If the Chef poorly moderated
You may know that: You are sitting in the meeting and colleague X has far too much speaking time. For example, because the moderator lets individual participants talk too long or is overwhelmed by a fiercer discussion.
And the bad thing: you can not even say anything against it, because often the moderator is the boss. But: With questions and suggestions you can act indirectly - and save the meeting. What helps? Just moderate with. But indirectly, because the moderator should not lose face.
Constructive demand as a means of choice
The tool of choice: constructive demands. Because this does not lose the presenter's face. At the same time you act like a particularly dedicated participant.
In addition, questioning techniques are first directed by you so that you do not have to defend your arguments. They then help to find solutions in the group in a joint and constructive way without anybody being attacked. Questions are therefore the optimal technique for a successful meeting.
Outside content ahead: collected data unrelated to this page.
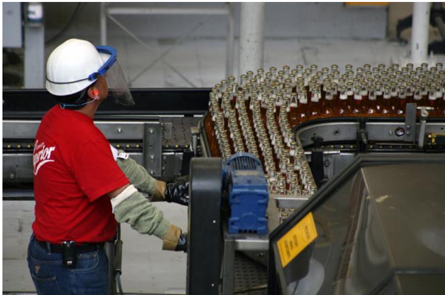
México es uno de los países que cuenta con más credibilidad en sus políticas financieras.

Archivado en: Finanzas Públicas | BM | Economía De México | Finanzas Públicas | Impreso | Valores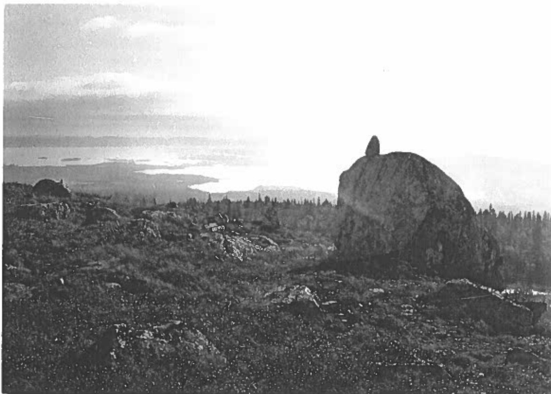
Bild 3 Lämning nr 6, rösning ovanpå block. I bakgrunden syns Uddjaurs södra del. Foto fr NNV, av L. Liedgren, 2001.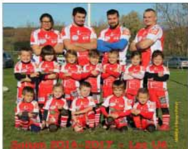
Saison 2016-2017 - Les U8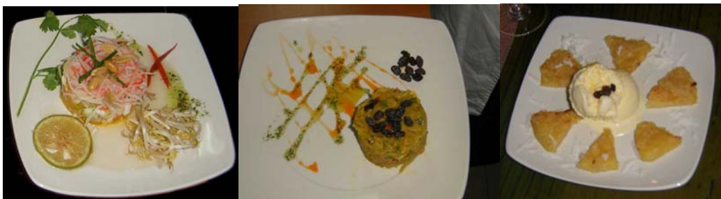
Presentación de Platos: Proyecto Comida Thai

Por su parte el proyecto de Comida Thai, presentó de forma muy singular el espacio, colocaron antorchas, los manteles eran hojas de plátano, muy cálido ambiente y un colorido y sabor insuperable en sus presentaciones culinarias.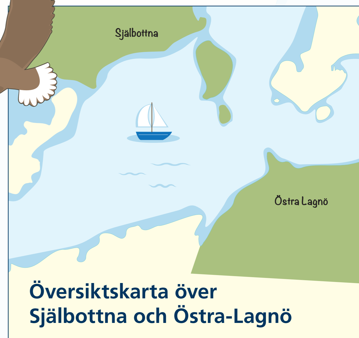
Översigtskarta över Sjöböttna och Östra-Lagnö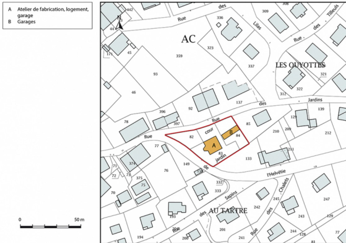
Plan-masse et de situation. Extrait du plan cadastral, 2017, section AC, 1/1 000. 25, Les Gras, 7 rue de l' Helvétie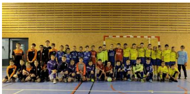
tournoi futsal

Responsable : Sébastien DESMICHEL (éducateur fédéral CFF1, 06 80 03 54 64)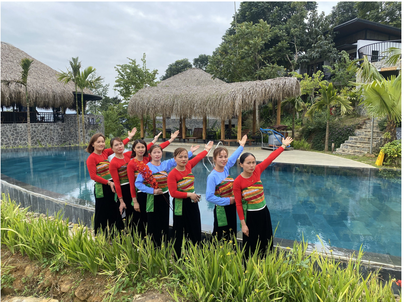
Gìn giữ các giá trị văn hóa bản địa trong phát triển du lịch

Tham gia chương trình liên kết, hợp tác với các địa phương du lịch với các địa phương, đáp ứng kịp thời nhu cầu của du khách. Từ những kinh nghiệm học hỏi được, trong phát triển du lịch cộng đồng tại các địa phương trong nước. Huyện Bá Thước luôn chú trọng công tác tuyên truyền, vận động, hướng dẫn người dân, các doanh nghiệp du lịch chung tay, hưởng ứng công tác bảo tồn, gìn giữ và phát huy các giá trị văn hóa bản địa, không phá vỡ cảnh quan thiên nhiên, với mục đích phát triển du lịch một cách bền vững.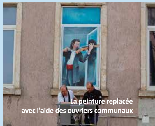
La peinture replacée avec l'aide des ouvriers communaux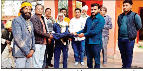
मकर संक्रांति पर कंबल वितरण करते समाजसेवी।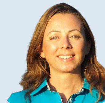
Léa Lansade Ethologue reconnue spécialisée dans la recherche du comportement équin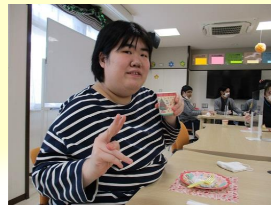
美味しかったですね〜👏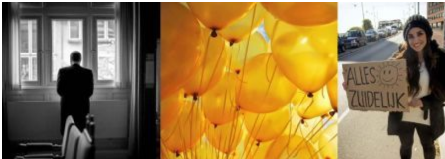
Boven: pagina 146 en 147;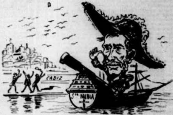
Sens vapor y sense vela s'embarca en la carabela.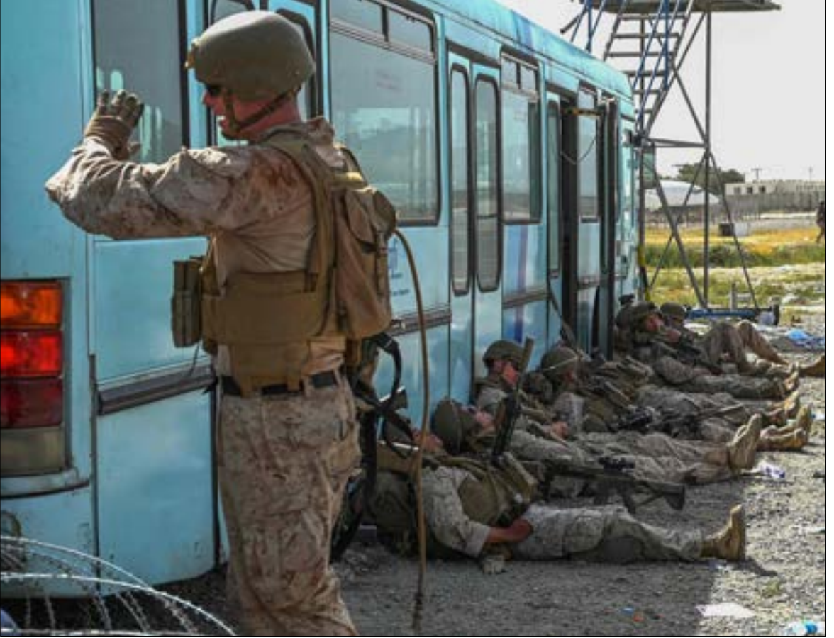
من الممكن تصوّر تعاون إقليمي بين دول الجوار و«طالبان» لنزع فتائل التوتر

فرضية امتلاك واشنطن خطة بديلة. ستضعها موضع التنفيذ عن بعد. إلى التخلي عنهم من دون أي تشاور لكن هذه الفرضية تتجاهل التحولات الجيوسياسية الكبرى في محيط أفغانستان. وتنعامي عن مفاعيلها الكارثية على مستقبل «الوجود» الأميركي في منطقتنا من جهة. وعلى عزم وتصميم اعدائها وخصوصها لهذه المنطقة وفي نواح أخرى من المعورة. على مواجهتها والتصدي لخططاتها من جهة أخرى.

3 typical problems in meetings
The situations in which the questions can be asked are, of course, very different, but if you look closely, it turns out that the following three schemes are typical for meetings and can almost always be applied:
Prooblem 1: Direct attack
Another participant attacks an idea or a speech by setting up a counter-thesis, eg "That sounds nice, but we have had different experiences with it." Now it's against statement. The trick: Just ask if the situation was described correctly. That is how it goes:
- Ask for clarification if the information is too vague: "Who's special?" "How exactly?" "Everyone?" "What percent?" Etc.
- Ask for additional information, if you want to know more: "Who else was involved?" "Who was affected?" "Who was responsible?" "What happened?" "Would you like to report how that was?"
- Compare the new information of a conversation partner with known information to get a clearer picture: "In comparison to what?"
- Distract rhetorically with a question of understanding and let the other explain: "Did I understand you correctly, you say that ..."
Problem 2: Attention whiners!
One participant judges the consequences of your proposal much more negatively than you do, like this: "That sounds nice, but I think that will significantly reduce productivity."
Now you should find out whether the action actually leads to the supposed consequences or whether others are to be expected. That is how it goes:
- Ask all participants to consider what the possible consequences might be: "Have we considered all the consequences?" "What else can come of it?" "Are there any alternatives?" "Have we forgotten something?"
- Exaggerate possible consequences: "What can happen in the worst case, if we choose this option?" They make it clear that it can not be so bad, and that the doomsayers have hopelessly exaggerated.
- Ask for justification: "Why is this solution the best?" "Why is option 1 option preferable to 2?" "What are our reasons for rejecting this idea?"
- Make this question conscious to everyone, including yourself. They make it clear that you too are thinking along. If you only ask this question to other participants, they will be forced into justification by the "why?" - and that creates resistance. Lead the others deliberately into a dead end to clarify the absurdity of the fears: "What do we have to do to keep the problem?" "What can happen if we continue to solve the problem?" You do it It is also clear that it is better to act instead of staying idle - and have the laughs on your side.
Problem 3: The generality is right
One participant attacks your argument by referring to a common consensus: "That's nice, but we all know that's way too idealistic: no one works more than he absolutely has to."
The trick is simple: the majority is not mistaken; something that everyone knows is irrefutable. If you do, there is something wrong with you (at least you feel like that), so you have little chance of justifying your opinion. But is general opinion correct at all? Encourage the other participants to reflect:
- Find out why a position is important to someone: "What's especially important to you?" "What's in your favor here?"
- Ask how someone has come to his view, "What made you think so?"
- Break down the general perspective on individual cases by distinguishing: "That applies to this case, but does that also apply to ...?", "That action fit in there - but how is that in this context?"
- Invite the other attendees to change perspective: "If we look at it from the customer's perspective, how would he see that?" "How do you think our boss would react?"